Speaking to db about the wine at ProWein, where it was on pour at the show in March, the owner of Château Tanunda, John Gerber, said that he believed that the reason for the wine’s particular character related to the fact that the vines were ungrafted.
“I think wines are more harmonious when they come from vines on their own roots,” he said.
Indeed, the wine produced from the 1858 planting is “not a blockbuster” said Gerber, but “a medium-weight Aussie wine with depth, elegance and complexity,” he added.
He also noted that there were opportunities to make more great wines from old ungrafted vines in the Barossa, telling db that there were as many as 142 hectares of vineyards over 100 years old in the region.

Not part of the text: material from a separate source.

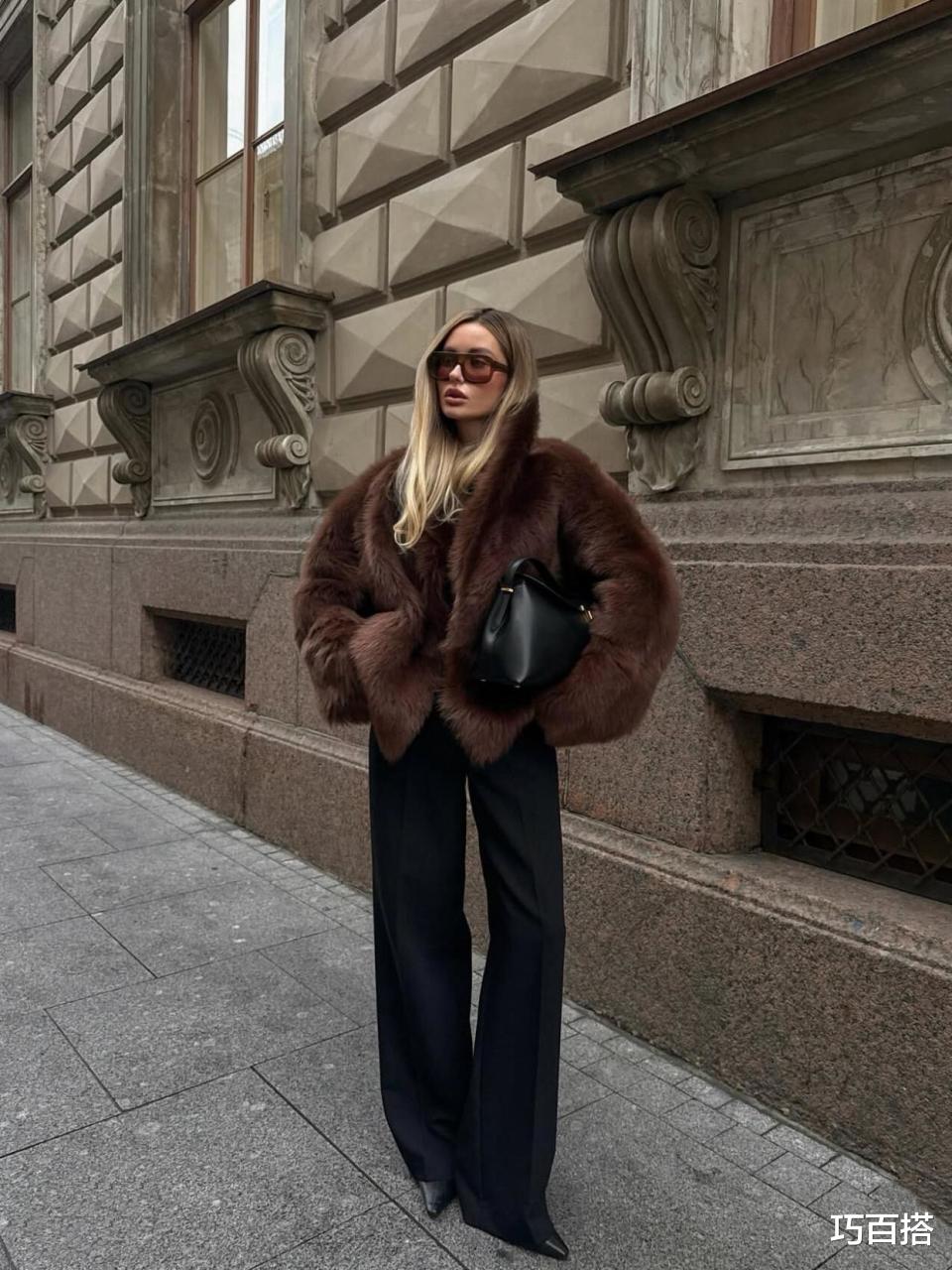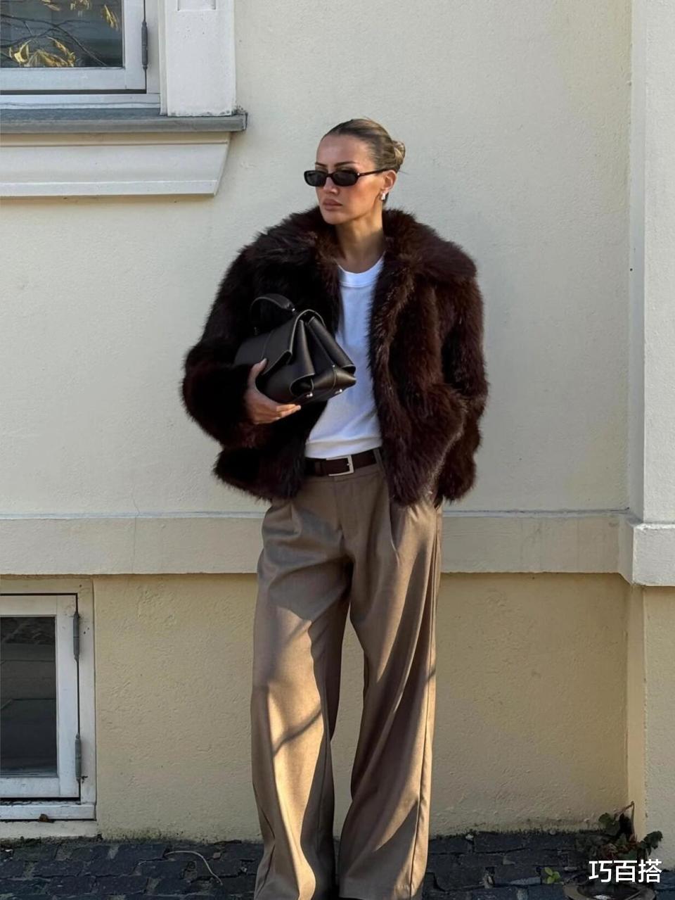 为了最大限度避免出现穿搭错误,在搭配时大家优先借鉴博主身上这一款,咖色皮草与黑色拖地西装裤搭配,简单利落又有排面,气场十足但又不会让人觉得盛世凌人,上班族可以借鉴。

However, he said that he was sure that his field blend vineyard was the oldest of its type in the Barossa – as well as the world – stressing that “we have the documents” to prove its planting date of 1858.
One aspect that is key to the benefit of an ungrafted vine, known as planting franc de pied, is drought-resistance, according to Geber.
“If you plant on rootstocks, the roots spread out sideways like an umbrella, and that means that a grafted vine, if there is a lot of rain, will absorb it, but if there is a drought, then you enter sunburn territory,” he said.
However, in a drought-struck vintage like 2025, he said that the wines from the ungrafted vines are “magnificent”, because the plants root vertically, and noted that while they may produce low levels of fruit, it is consistent in quality, and quantity. “The average yields of our old vines are always 1-2 tonnes per hectare,” he recorded.
He also said that the level of treatments on his old vines was much lower, with half the number of passes for spraying fungicides needed compared to younger plantations.
As for the reason why these very old, low-yielding vineyards have survived so much change in the Barossa – including a vine pull scheme in the 1980s – Gerber said it was because such plots produced consistently great results.
“The vineyards are old because they are good, not good because they are old,” he said. He added, “People have protected these vineyards with their lives.”
Looking to the future, he expressed his delight at the increased appreciation for very old ungrafted vineyards, helped by an association such as Franc de Pied, which includes a label to draw attention to wines made from ungrafted vines.
Finally, he said he hoped that such relic vineyards would achieve UNESCO World Heritage status, something that is being campaigned for by the Francs de Pied association.